Republican Rep. Nancy Mace has come under fire after she wrongly identified a college student as an ‘alleged school shooter’ during a campus-wide lockdown.
Students at the University of South Carolina were ordered to shelter in place Sunday while police investigated a ‘credible report’ of an active shooter near the library.
Hours later, university officials gave the all-clear after confirming it was a false alarm. There was no evidence of a shooter and no reports of any shots being fired.
But, during the lockdown, Mace – whose son attends the university – took to social media to share a photograph of a man walking around campus carrying a long, black object.

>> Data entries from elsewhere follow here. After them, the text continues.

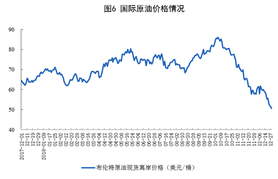 国际原油价格震荡下跌。截至12月28日,布伦特原油现货离岸价格为每桶50.57美元,比11月底下跌7.14美元,比年初低16.08美元。
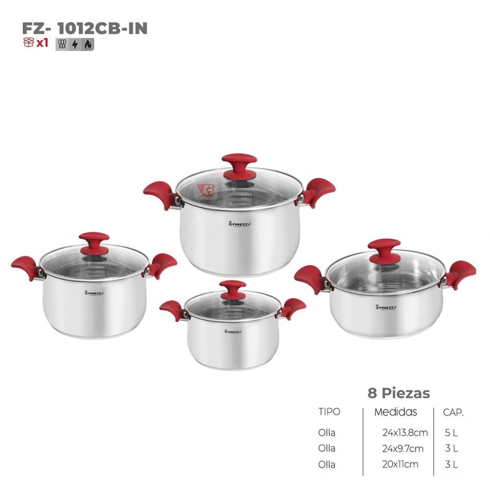 Juego de Ollas Finezza FZ-1012CBIN de Acero 8pzs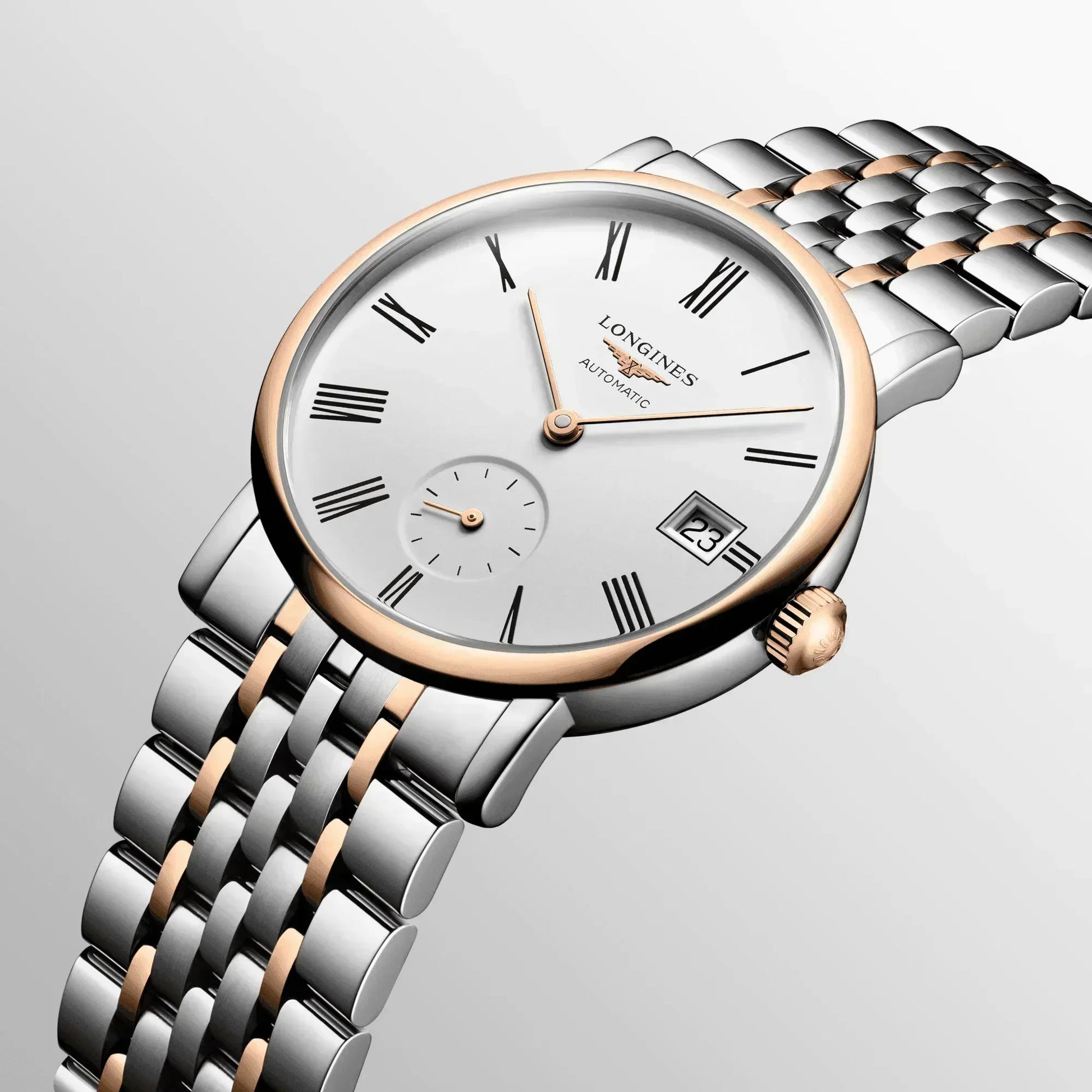 A definition of elegance. Since its earliest days, Longines has always focused on elegance. This quality can be found not only in its products but also in its communication, with the now famous slogan "Elegance is an attitude". So it comes as no surprise that the brand is now launching the Longines Elegant Collection, which comprises models that are the perfect embodiment of the classical design and sleek lines typical of Longines timepieces. Available in three sizes and fitted with self-winding, mechanical movements, these watches offer a broad choice of dials, each presenting its own definition of elegance. Stainless steel and 18 karat pink gold cap 200 with White matt dial.Dial set with 13 Top Wesselton VS-SI diamonds, for a total of 0.032 carats. Round case shape. Scratch-resistant sapphire crystal, with several layers of anti-reflective coating on both sides. Stainless steel and 18 karat pink gold cap 200 with triple safety folding clasp and push-piece opening mechanism. Automatic self-winding mechanical movement beating at 25'200 vibrations per hour, with a power reserve of approximately 72 hours. Functions: Hours, minutes, small second at 6 o'clock and date. Water resistance up to 30 meters.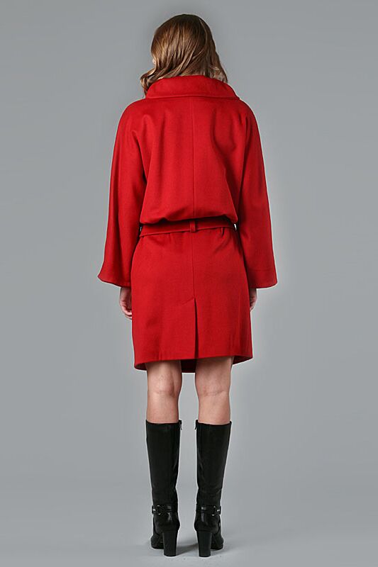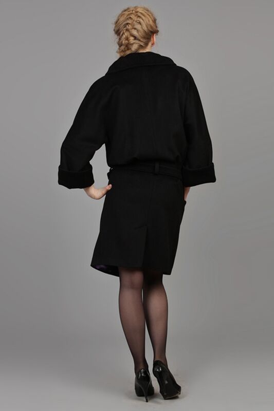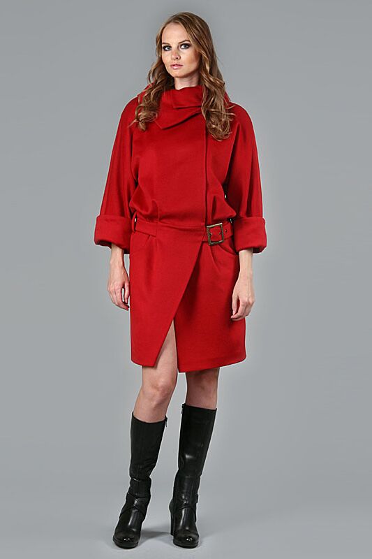 Пальто с напуском,с пряжкой на поясе и шикарным воротником.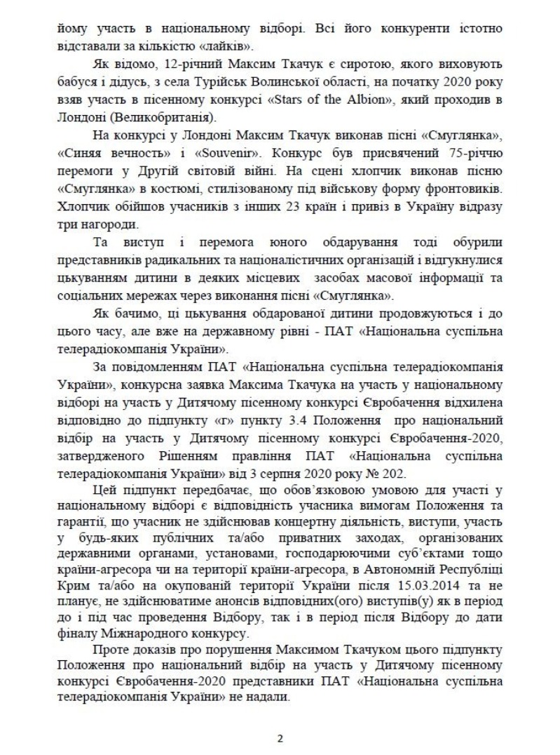 В открытом письме сопредседатель партии "Оппозиционная платформа – За життя" просит главу государства принять меры и проверить правомерность действий руководства и сотрудников ПАТ "Национальная общественная телерадиокомпания Украины" относительно аннулирования конкурсной заявки в национальном отборе на участие в Детском песенном конкурсе "Евровидение" школьнику-сироте Максиму Ткачуку.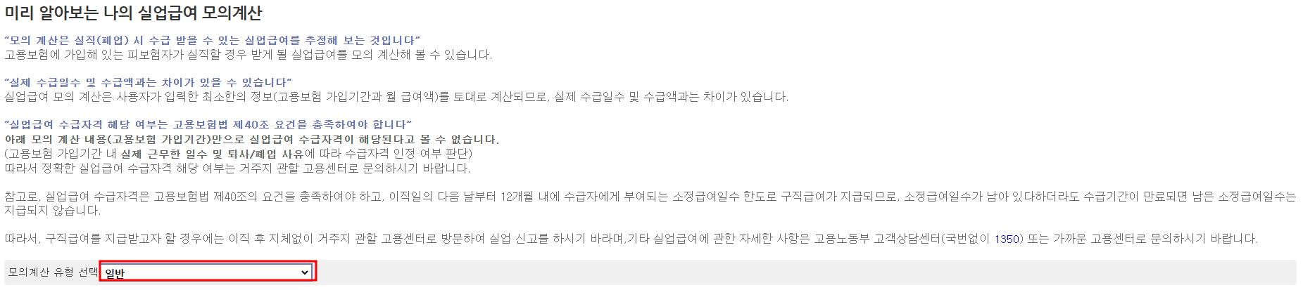 실업급여 모의계산 방법 (자영업자, 일반근로자, 일용근로자)

‘Here is the alleged school shooter at USC,’ she captioned the post on X, referring to the student as a ‘white male’ wearing ‘black shorts, grey tshirt, backpack’.
The GOP firebrand later deleted her post after it emerged the young man was actually an innocent USC student walking through campus carrying a black umbrella.

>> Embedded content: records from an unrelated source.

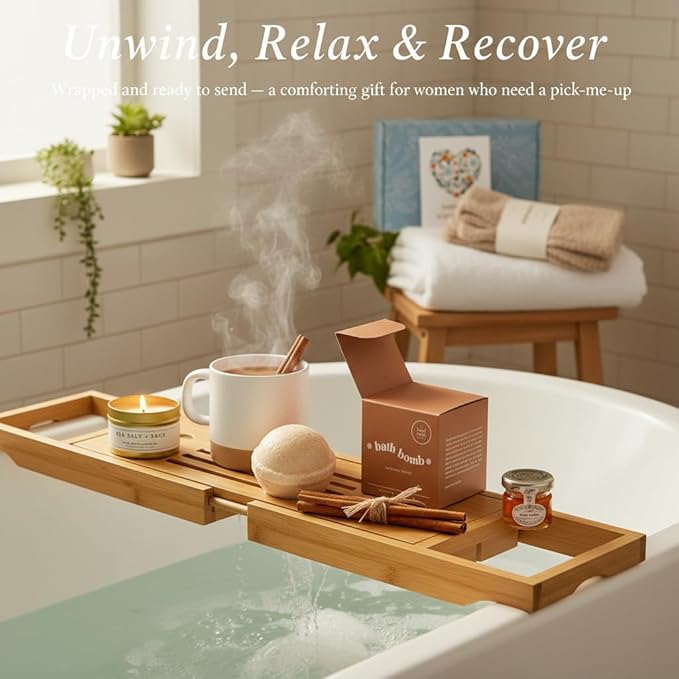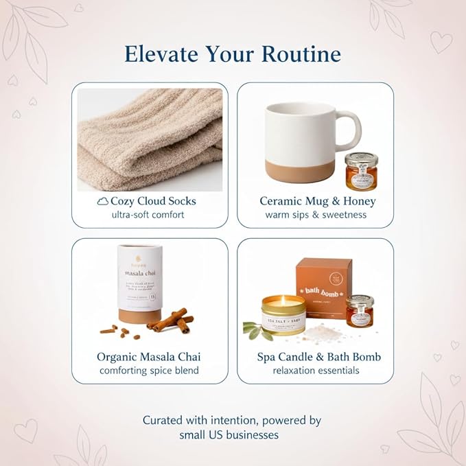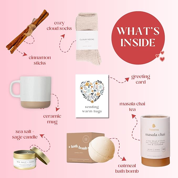 - The Perfect Gift - Elevate the healing experience with the Unboxme tea gift box, the perfect comfort gift for anyone in need of some love. This carefully curated wellness tea gift set includes fluffy socks, ceramic mug, chai tea, honey jar, bath bomb, candle, cinnamon sticks & a greeting card. It makes the perfect choice for a get well soon gift basket, a post surgery care package, or a heartfelt gesture to comfort someone dealing with illness or recovery.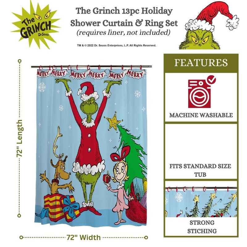 Franco Dr. Seuss The Grinch Holiday 13 Piece Shower Curtain and Ring Set, (100% Officially Licensed Product)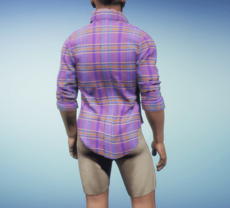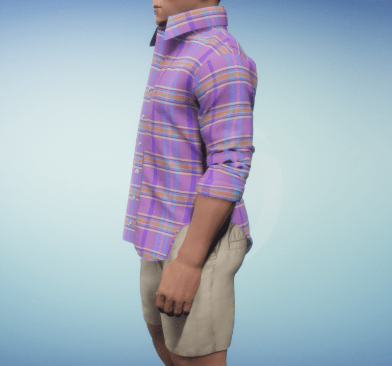 Longsleeved men's cotton casual shirt, featuring a brightly-colored Madras plaid pattern. Fabric wrinkles very realistically.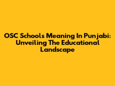 OSC Schools Meaning In Punjabi: Unveiling The Educational Landscape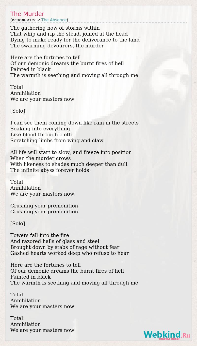 The gathering now of storms within That whip and rip the stead, joined at the head Dying to make ready for the deliverance to the land The swarming devourers, the murder Here are the fortunes to tell Of our demonic dreams the burnt fires of hell Painted in black The warmth is seething and moving all through me Total Annihilation We are your masters now [Solo] I can see them coming down like rain in the streets Soaking into everything Like blood through cloth Scratching limbs from wing and claw All life will start to slow, and freeze into position When the murder crows With likeness to shades much deeper than dull The infinite abyss forever holds Total Annihilation We are your masters now Crushing your premonition Crushing your premonition [Solo] Towers fall into the fire And razored hails of glass and steel Brought down by stabs of rage without fear Gashed hearts worked deep who refuse to hear Here are the fortunes to tell Of our demonic dreams the burnt fires of hell Painted in black The warmth is seething and moving all through me Total Annihilation We are your masters now Total Annihilation We are your masters now

Despite taking down the post, the lawmaker has been slammed by both Democrats and Republicans calling on her to apologize to the student for her panic-inducing ‘false post’.
Political commentator Matt Walsh was among the conservatives mocking Mace over her false accusation.

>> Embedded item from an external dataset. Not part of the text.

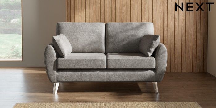 7.2.10 Wilson 2 Seater Sofa Plush Chenille Light Grey Metal Tapered - Chrome | Made Click here to use our website with more accessibility support, for example screen readers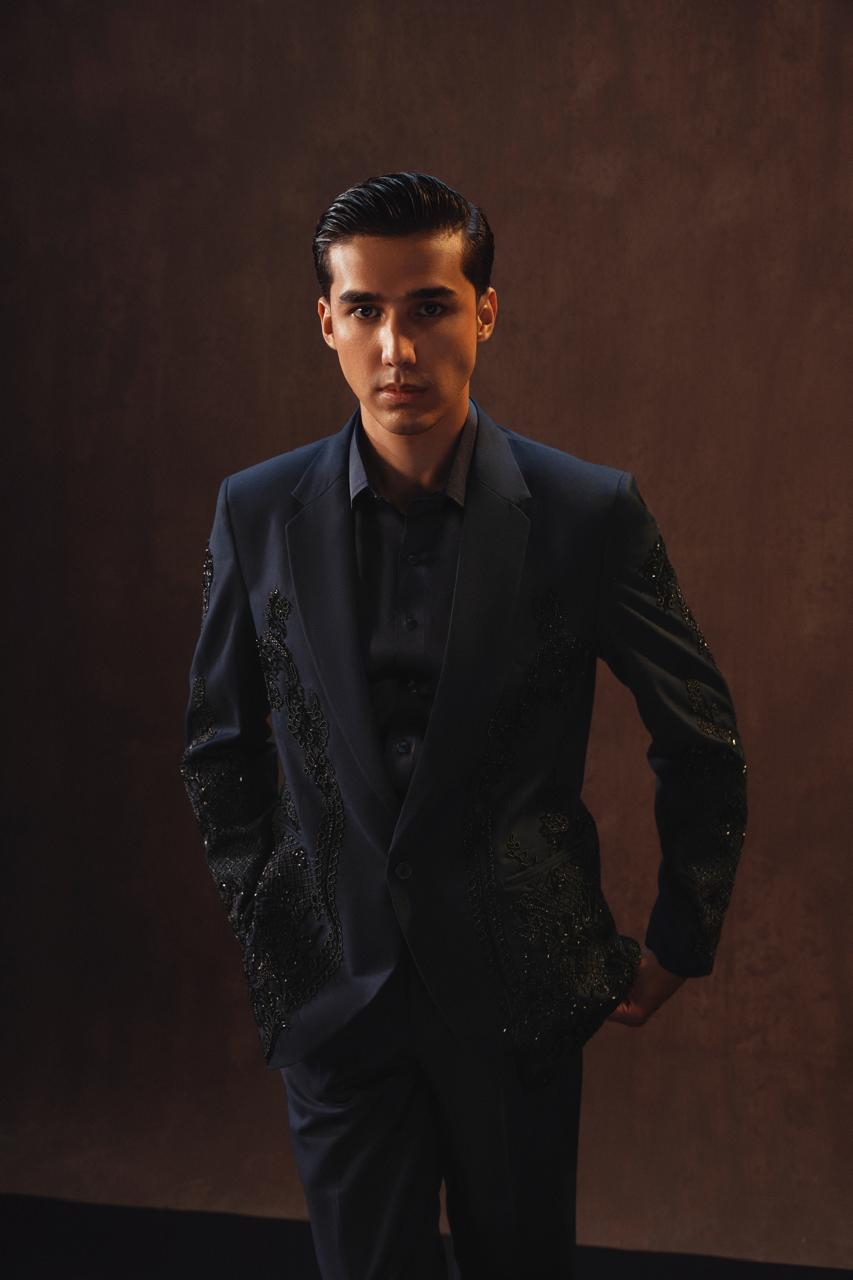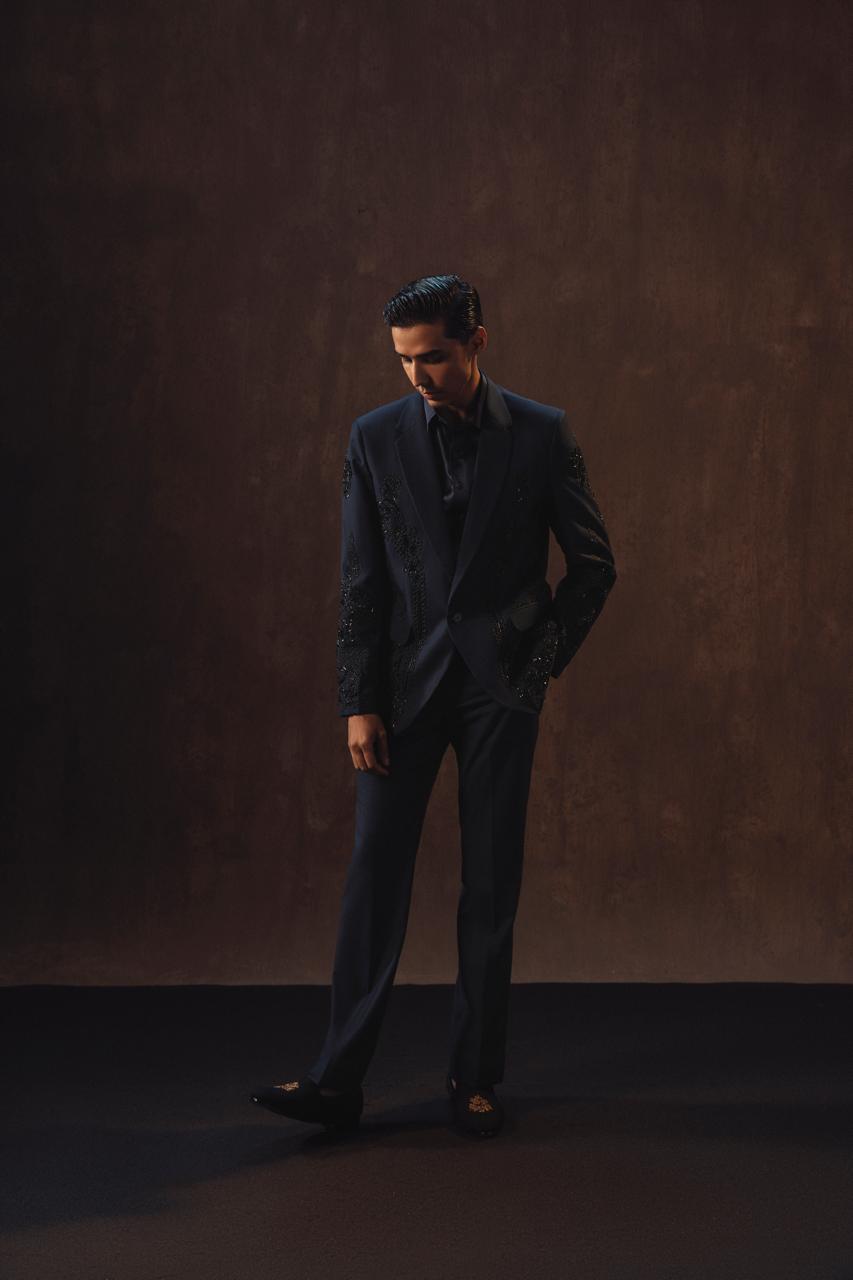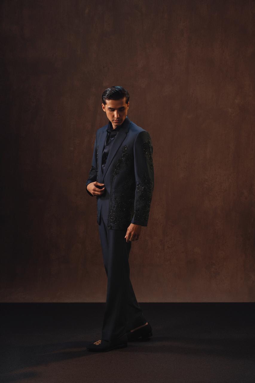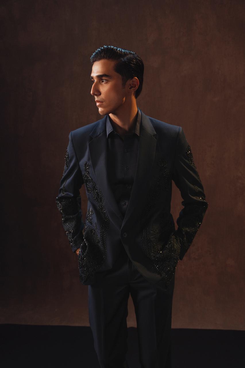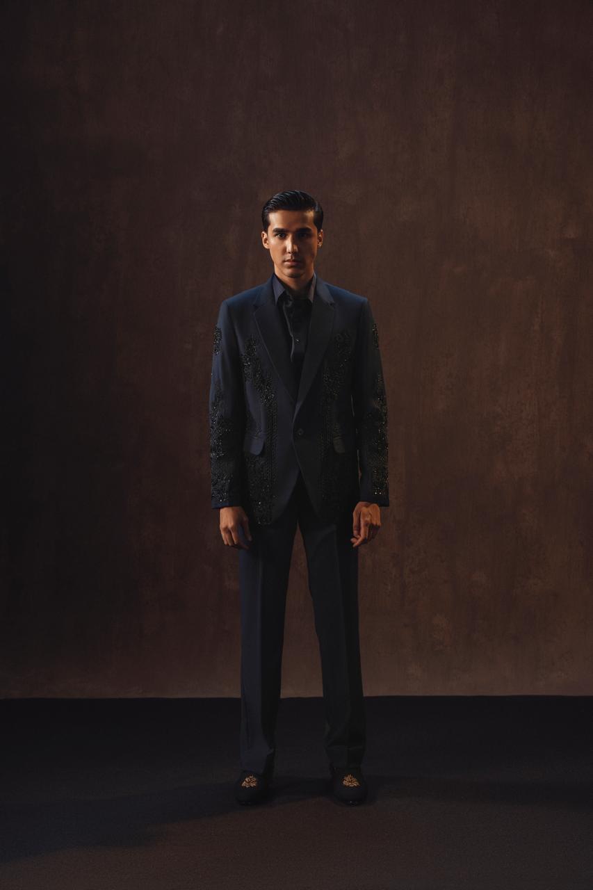 Crafted in a sleek modern cut, this 2-piece ensemble is embellished with cut daana and moti, adding a subtle shimmer that elevates its elegance.

‘Really grateful for Nancy Mace. She bravely alerted the public to the dangers of a guy carrying an umbrella,’ he wrote on X. ‘This is why we need common sense umbrella control.’
Former state and federal prosecutor Ron Filipkowski, who ditched the GOP for the Democratic party in 2021, also blasted the congresswoman for not apologizing to the student.
‘If you thought Nancy Mace was going to apologize after spending her day falsely accusing a kid with an umbrella of being a school shooter, you thought wrong,’ he tweeted.
Gun control activist Fred Guttenberg, whose 14-year-old daughter Jaime was killed in the Parkland high school shooting, branded Mace ‘the problem’.
‘Now would be an appropriate time to talk about how to appropriately punish you for this false post that could have gotten someone killed,’ Guttenberg wrote.
‘As the father of Jaime, killed in the Parkland shooting, everything about you and your messaging is the problem. Seek help as I firmly believe you are in need.’
Another X user suggested Mace should end her bid for South Carolina governor, warning that her false accusation could have had deadly consequences.
‘Nancy Mace tried to get this kid killed, by claiming he was carrying a rifle and broadcasting his photo on Twitter, when it was obviously an umbrella,’ the post read.
‘In a moment of crisis, she panicked. Hysterics have no place in leadership and no place in the governor’s office.’
But as online fury grew, Mace doubled down.
Instead of apologizing for her mistake, she tried to justify her actions by detailing how frightened she was and how she was ‘frantically calling’ her son during the lockdown.
‘As the mom of a student at USC, tonight was terrifying,’ she wrote in another post.
‘Frantically calling my child to see if they were at the library or barricaded somewhere else on campus, making sure they and their roommates were safe, your heart just drops to the ground, for a minute you can’t breathe.’
She thanked law enforcement for their response to the active shooter report and praised how they ‘immediately went to work to protect our kids’.
Mace claimed university security was ‘swift’, ‘professional’ and ‘fast’, and even applauded students for ‘sharing information to protect each other’ and ‘being vigilant’.
She further argued that ‘real, or a hoax, or a mistake, now would be an appropriate time to talk about hardened security at schools of all grades, colleges and universities’.
‘This was a terrifying experience for students on campus and their families,’ she said. ‘Many are confused after being told there was an active shooter. Some are even afraid to return.’
USC issued the alert about a possible active shooter, just days after false reports at Villanova University and the University of Tennessee at Chattanooga also led to panic and temporary lockdowns as the schools kicked off their fall semesters.
‘There have been false gunfire reports at universities across the country in recent days and tonight’s incident remains under investigation,’ USC said in a statement Sunday night.
There were two minor injuries related to the evacuation of the library building, university spokesperson Jeff Stensland added.
Approximately 38,000 students attend the school in the heart of the city that’s home to nearly 145,000 people.
In Pennsylvania on Thursday, someone called 911 reporting a shooter in a Villanova law school building with at least one wounded victim. Students received texts from the school’s alert system, but the school´s president later said it was a hoax.
That same day in Tennessee, the university locked down its campus, telling students: ‘Possible active shooter in the University Center or Library. Run. Hide. Fight. More info forthcoming.’
The lockdown was lifted after multiple law enforcement agencies responded. School officials said there was no evidence of any threat.